Filhas reconhecidas tardiamente travam batalha judicial há 20 anos por herança de R$ 43 milhões; genro é acusado de vender patrimônio
Uma disputa familiar que se arrasta há quase duas décadas na Justiça do Tocantins expõe acusações graves de fraude sucessória, ocultação patrimonial, vendas simuladas de fazendas, movimentações suspeitas de rebanhos e até descumprimento de decisões judiciais envolvendo um patrimônio estimado em mais de R$ 43,8 milhões.
No centro da batalha judicial estão as irmãs Deusany Cordeiro Gonçalves dos Reis (nos autos representada por Vildon Alves dos Reis, viúvo e seus filhos, Silas Gonçalves dos Reis, Deyce Gonçalves dos Reis Nascimento e Natan Gonçalves Reis) e Maria da Conceição Sousa Rodrigues, filhas reconhecidas tardiamente por Euclides Ribeiro de Sousa, fazendeiro conhecido na região de Novo Acordo.
Hoje, apenas Maria da Conceição segue viva. Aos 91 anos, ela ainda aguarda uma decisão definitiva da Justiça sobre o caso. Já Deusany morreu no fim de 2025, vítima de um acidente de trânsito, sem conseguir ver concluída a luta judicial que travava desde o início dos anos 2006 para garantir o direito à herança do pai.
A reportagem do D12News teve acesso à ação intitulada “Ação Anulatória de Atos Jurídicos por Fraude Sucessória, Simulação e Cessação de Mandato, com Pedido de Tutela de Urgência e Reintegração de Bens ao Monte Hereditário”, como as decisões e despachos proferidos nos autos da proposta contra o advogado Saulo de Almeida Freire, a esposa dele, Suely das Graças Coelho de Sousa Freire — irmã biológica das autoras —, além de Oneide Coelho de Sousa, viúva de Euclides, também já falecida segundo apurou a reportagem.
A ação também engloba vários compradores dos bens, mas a reportagem optou por não citá-los antes de qualquer decisão da Justiça que os classifique como inocentes ou culpados.
Na ação, as autoras sustentam que foram deliberadamente excluídas da sucessão após o pai promover, em vida, a transferência de grande parte do patrimônio para Saulo e Suely.
Reconhecimento da paternidade só ocorreu após movimentações patrimoniais
Segundo os autos, Deusany cresceu ouvindo comentários de familiares, amigos e conhecidos de que seria filha de Euclides Ribeiro de Sousa.
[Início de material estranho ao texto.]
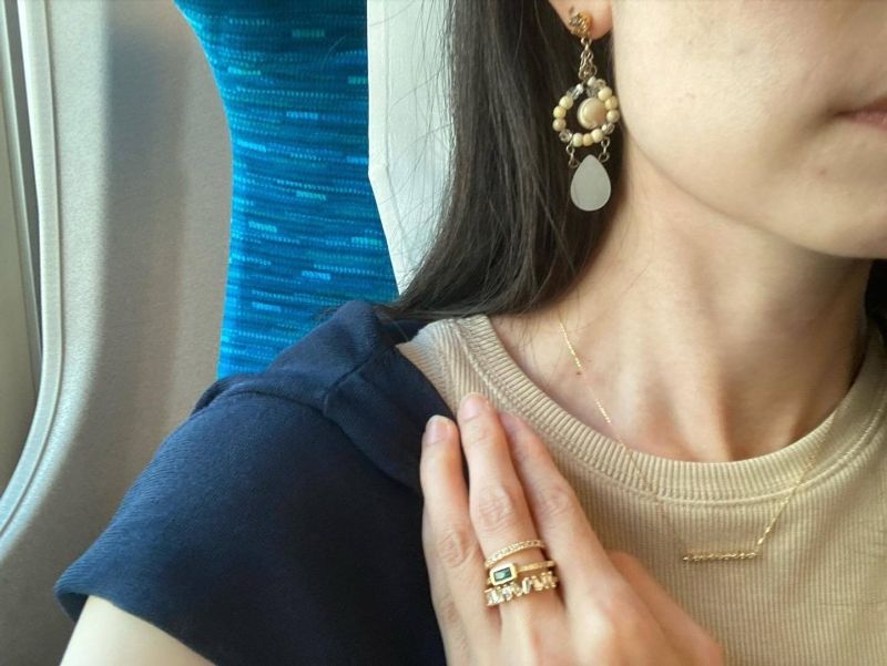 遊び心のあるリングを複数組み合わせてエタニティリングと重ね付けするコーディネート。人生の節目、さまざまなタイミングで自分の手元にくるリングをその日の気分で毎日身につけて楽しみましょう。エタニティリングはシンプルなためハンドメイドやブランドを問わずどんな組み合わせをしてもおしゃれに見せてくれます。

No entanto, a mãe dela, Maria Alvina Cordeiro de Melo, teria negado a informação durante anos por razões íntimas e traumáticas, já que, conforme narrado na petição, a gravidez teria sido resultado de violência sexual.
Somente em 2001, já adulta, Deusany recebeu da mãe a confirmação sobre sua origem biológica. A partir daí, procurou a Defensoria Pública para iniciar investigação de paternidade. Dias depois, ela foi chamada para uma reunião no órgão. Quem compareceu representando Euclides foi justamente o genro dele, o advogado Saulo de Almeida Freire.
Conforme consta na ação, Saulo informou que o sogro reconheceria voluntariamente a paternidade de Deusany e também de Maria da Conceição Sousa Rodrigues, outra filha biológica de Euclides. Maria da Conceição, segundo o processo, era reconhecida informalmente pelo pai desde a infância, mas nunca havia sido registrada oficialmente.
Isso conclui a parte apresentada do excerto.